Thursday, 10 December 2015

Keytruda, and why Pharmac looks for the best value treatments

I was privileged to attend a presentation by Professor Sir Michael Marmot on Tuesday. It was on inequality and health (which I'm not going to talk about in this post), and one of the points he made struck me - Sir Michael suggested that he doesn't make the economic case for reducing health inequality, he makes the moral case.

The reason that comment struck me is that economists are often unfairly characterised as not having regard for the moral case, particularly in the context of the allocation of health care spending. However, I'm not convinced that the moral case and the economic case for how health care spending is allocated are necessarily different. Toby Ord makes an outstanding moral argument in favour of allocating global health resources on the basis of cost-effectiveness (I recommend this excellent essay). Ill spend the rest of the post demonstrating why, using the example of Pharmac funding (or rather non-funding) of the new cancer drug Keytruda, that is currently big news in New Zealand (see here and here and here).

First, it is worth noting that Pharmac essentially has a fixed budget, which has increased from about $635 million in 2008 to $795 million in 2015. Pharmac uses that money to provide treatments at free or subsidised cost to New Zealanders. However, Pharmac can't provide an unlimited amount of treatments because its funding is limited. So, naturally it looks for the best value treatments.

What are the best value treatments? In the simplest terms, the best value treatments are the treatments that provide the most health benefits per dollar spent. A low-cost treatment that provides a large increase in health for patients is considered to be superior to a high-cost treatment that provides a small improvement in health.

Low-cost-high-benefit vs. high-cost-low-benefit is an easy comparison to make. But what about low-cost-low-benefit vs. high-cost-high-benefit? That is a little trickier. Economists use cost-effectiveness analysis to measure the cost of providing a given amount of health gains. If the health gains are measured in a common unit called a Quality-Adjusted Life Years (QALYs) then we call it cost-utility analysis (you can read more about QALYs here, as well as DALYs - an alternative measure). QALYs are essentially a measure of health that combines length of life and quality of life.

Using the gain in QALYs from each treatment as our measure of health benefits, a high-benefit treatment is one that provides more QALYs than a low-benefit treatment, and we can compare them in terms of the cost-per-QALY. The superior treatment is the one that has the lowest cost-per-QALY.

Following this model in the context of a limited pool of funds to pay for health care, then the treatments that are funded with higher priority then are the ones that have the lowest cost-per-QALY. This is essentially the model that the Pharmac follows, as do other countries such as the UK. The National Institute for Health and Care Excellence (NICE) sets a funding threshold of £30,000 per QALY - treatments that cost less than £30,000 per QALY are more likely to be funded, and those that cost more are less likely. In New Zealand, the effective cost-per-QALY for Pharmac-funded treatment was $35,714 for the last financial year.

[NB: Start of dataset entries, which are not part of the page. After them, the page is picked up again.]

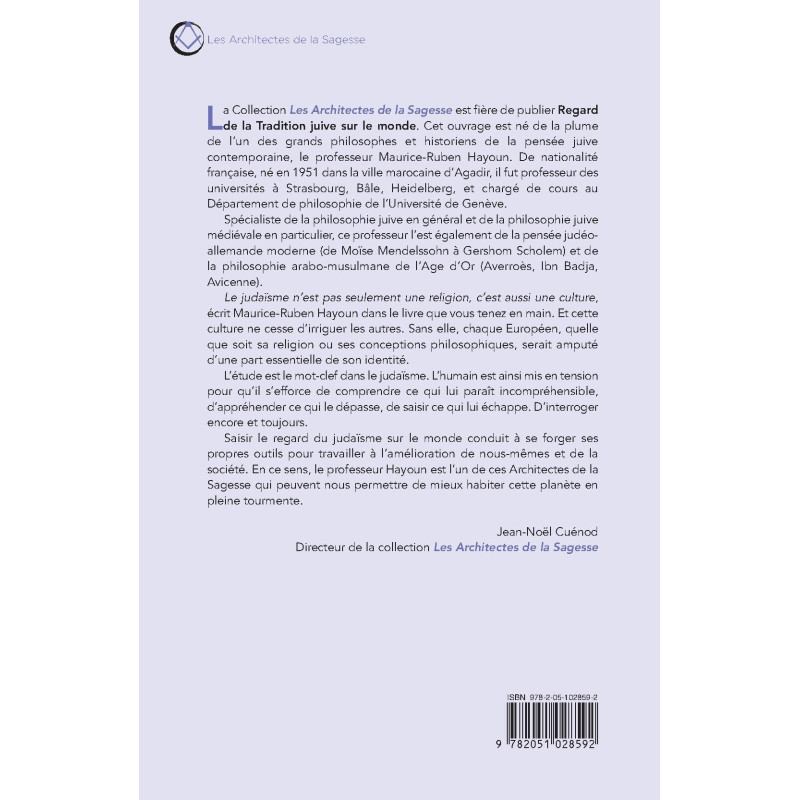 La Collection Les Architectes de la Sagesse est fière de publier Regard de la Tradition juive sur le monde. Cet ouvrage est né de la plume de l’un des grands philosophes et historiens de la pensée juive contemporaine, le professeur Maurice-Ruben Hayoun. De nationalité française, né en 1951 dans la ville marocaine d’Agadir, il fut professeur des universités à Strasbourg, Bâle, Heidelberg, et chargé de cours au Département de philosophie de l’Université de Genève.
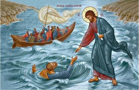 14 августа, 2022 г. Евангелие от Матфея, 14 глава ХОЖДЕНИЕ ПО ВОДАМ 22 И тотчас понудил Иисус учеников Своих войти в лодку и отправиться прежде Его на другую сторону, пока Он отпустит народ. 23 И, отпустив народ, Он взошёл на гору помолиться наедине; и вечером оставался там один. 24 А лодка была уже на середине моря, и её било волнами, потому что ветер был противный. 25 В четвёртую же стражу ночи пошёл к ним Иисус, идя по морю. 26 И ученики, увидев Его, идущего по морю, встревожились и говорили: это призрак; и от страха вскричали. 27 Но Иисус тотчас заговорил с ними и сказал: ободритесь; это Я, не бойтесь. 28 Пётр сказал Ему в ответ: Господи! если это Ты, повели мне прийти к Тебе по воде. 29 Он же сказал: иди. И, выйдя из лодки, Пётр пошёл по воде, чтобы подойти к Иисусу, 30 но, видя сильный ветер, испугался и, начав утопать, закричал: Господи! спаси меня. 31 Иисус тотчас простёр руку, поддержал его и говорит ему: маловерный! зачем ты усомнился? 32 И, когда вошли они в лодку, ветер ут
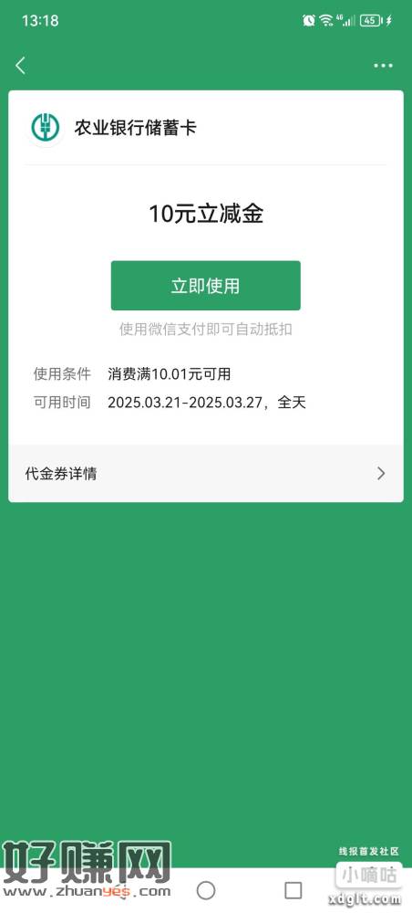 农行湖南,点击消息,优惠消息,有干饭人福利10立减金,两万份,先到先得。
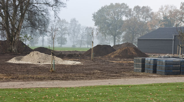 Bij dit project komen verschillende machines in actie. Aanleg van de nieuwe tuin, oprijpad en straatwerk rondom het huis en de schuur.

Now consider Keytruda, a new 'wonder drug' for treating melanoma. The downside is that Keytruda is extremely expensive - $300,000 per patient for a two-year course of treatment. Of course the cost-per-QALY isn't calculated as simply as dividing that cost by two because patients may gain many years of healthy life as a result of treatment, but Pharmac rated Keytruda as "low priority", in part because of the high cost.

Andrew Little has suggested that Labour would override Pharmac's decision not to fund Keytruda if elected, and John Key has also wavered in the face of public demand for the drug. Would that be a good thing? Of course, it would be good for the melanoma patients who would receive Keytruda free or heavily subsidised. But, in the context of a limited funding pool for Pharmac, forcing the funding of Keytruda might mean that savings need to be made elsewhere [*], including treatments that provide a lower cost-per-QALY. So at the level of the New Zealand population, some QALYs would be gained from funding Keytruda, but even more QALYs would be lost because of the other treatments that would no longer be able to be funded.

And so, I hope you can see why the economic case and the moral case for the allocation of health care spending need not necessarily be different. By allocating scare health care resources using an economic case, we ensure the greatest health for all New Zealanders.

[*] Fortunately, neither political party is suggesting that funding for Keytruda would come out of Pharmac's existing limited budget. However, that doesn't mitigate the issue of overriding Pharmac's decision-making. Even if Pharmac's budget is increased to cover the cost of providing Keytruda to all eligible patients, there may be other treatments that have lower cost-per-QALY than Keytruda that are currently not funded but could have been within a larger Pharmac budget.